‘Information privacy’, ‘data privacy’ or ‘personal information’ (PI) concerns information that identifies an individual, or that has the potential to identify an individual. PI is, therefore, valuable to your organisation and can be sensitive.
People – and the law – require PI to be respected and protected. But this can’t happen without information security and the ability to apply law to the physical and logical realities of information systems and architectures.

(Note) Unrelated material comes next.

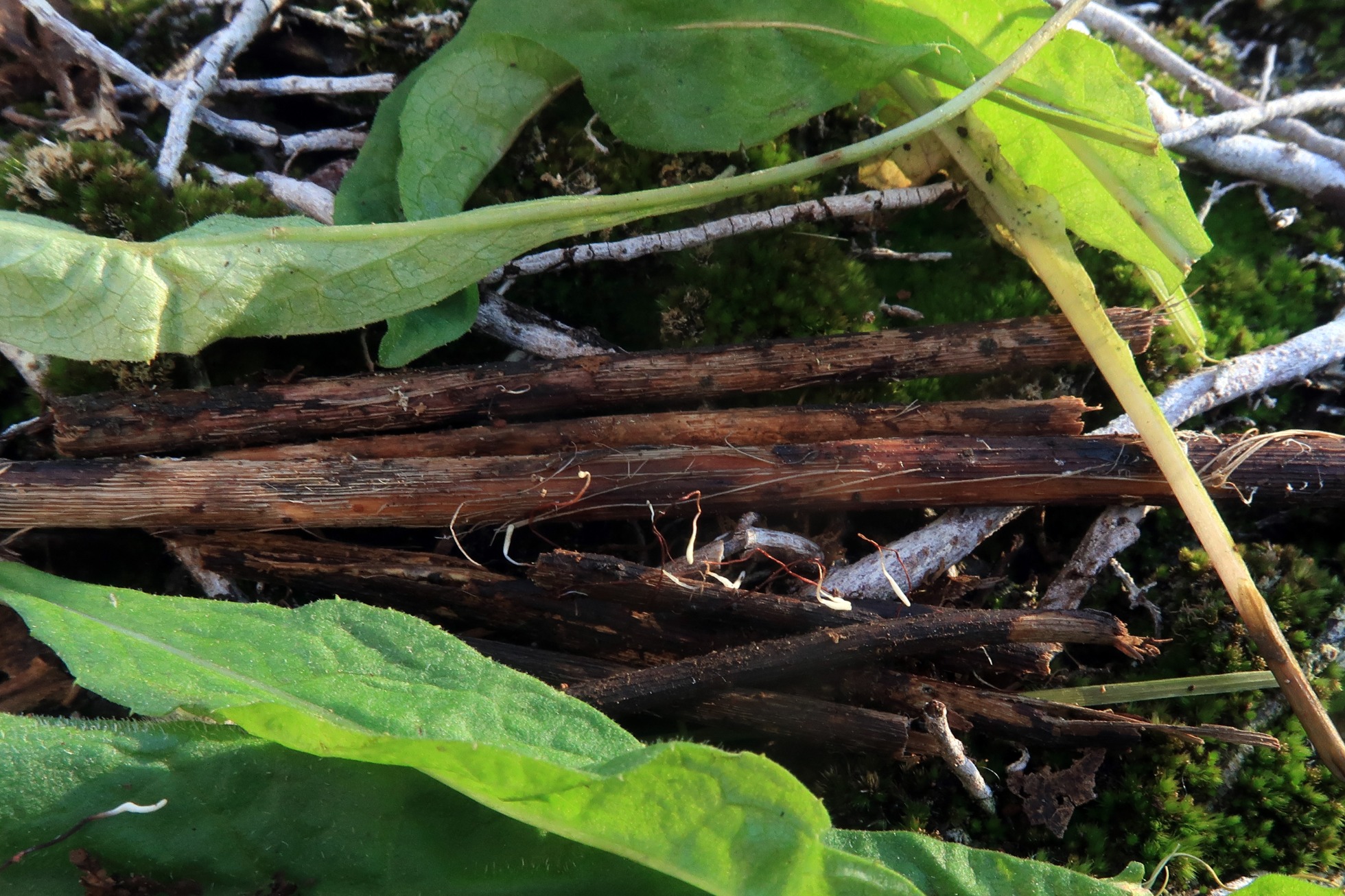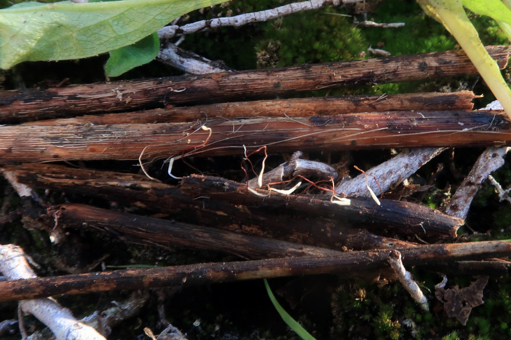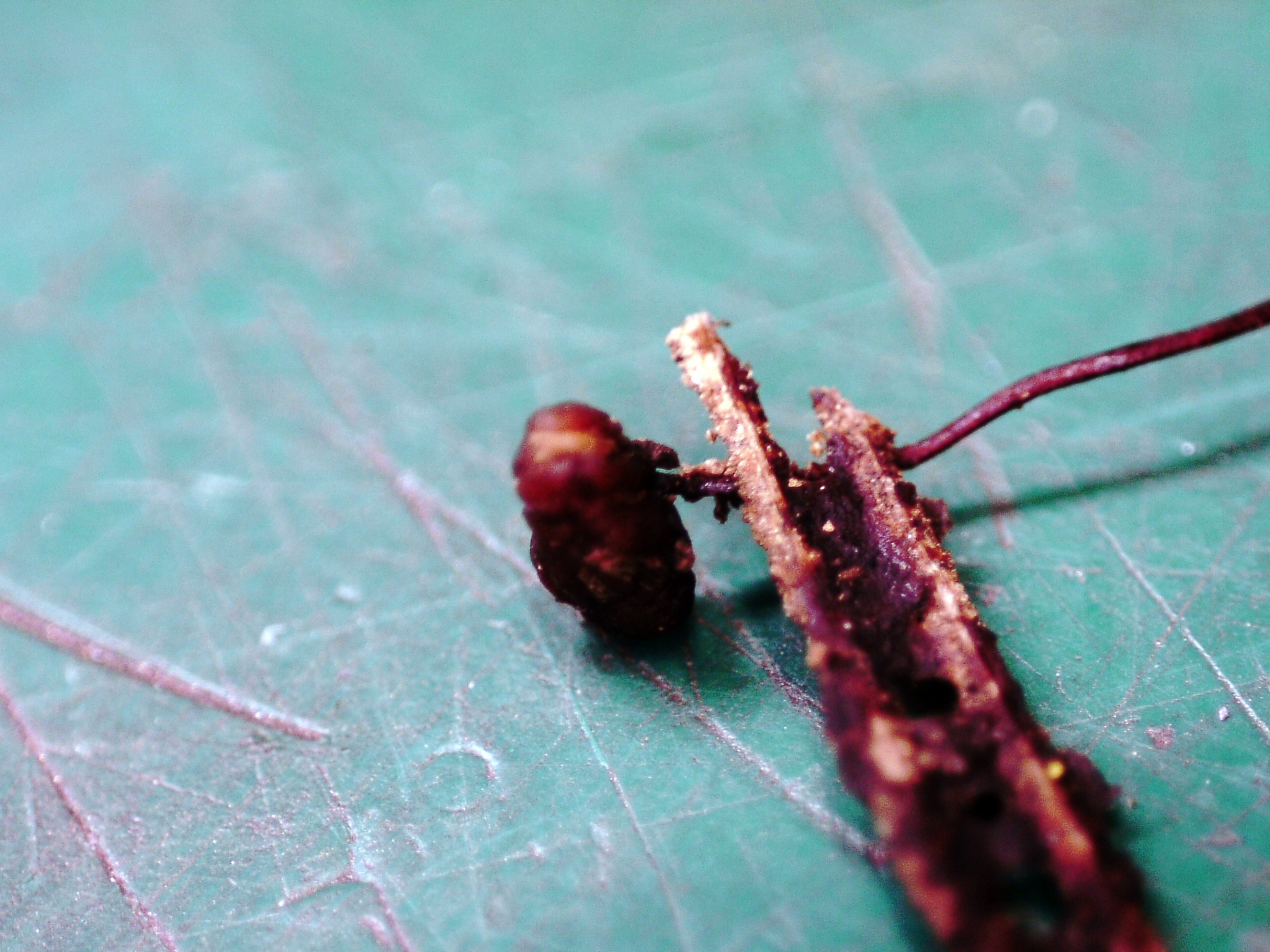 En las Claves del género de Alain Gerault de mayo de 2005, indica que la Typhula erythropus brota de un esclerocio ovalado marrón rojizo, muy difícil de encontrar, no paré hasta dar con el esclerocio, la razón de ser difícil su localización es porqué este esclerocio está por debajo de la superficie del sustrato.

Public and private sector organisations in Australia must comply with laws regulating PI ‘processing’. This includes any operation performed on PI, by automated or other means, such as:
- collection, use and recording;
- organisation and structuring;
- storage, consultation or retrieval;
- adaptation or alteration;
- disclosure by transmission;
- dissemination or otherwise making available;
- alignment or combination; and
- restriction, erasure or destruction.
Almost every business processes PI. It is invariably transferred across numerous international boundaries, meaning that privacy compliance is an international matter, requiring knowledge of laws in many jurisdictions. And, in the event of unauthorised access, disclosure or loss of PI, organisations must notify regulators and affected individuals.
At Sladen Legal, we believe privacy compliance and risk management should begin with the creation of a privacy strategy. This provides a clear framework for the implementation of information privacy compliance and risk management across your operations.
Our experience tells us this strategy is crucial to the successful delivery of a privacy framework, and to the subsequent program of work (or privacy plan) leading to operational efficiencies and business benefits.
We have a three-phase methodology:
- analysis and assessment;
- delivering your privacy strategy; and
- building and implementing your privacy program.
After the three-phase process, we assist you to:
- build your privacy team;
- assess risks and establish communication channels;
- design and implement (internal and external) operational controls;
- manage and enhance the controls (Plan–Do-Check-Act);
- demonstrate ongoing compliance and risk mitigation; and
- achieve continual improvement (maturity model).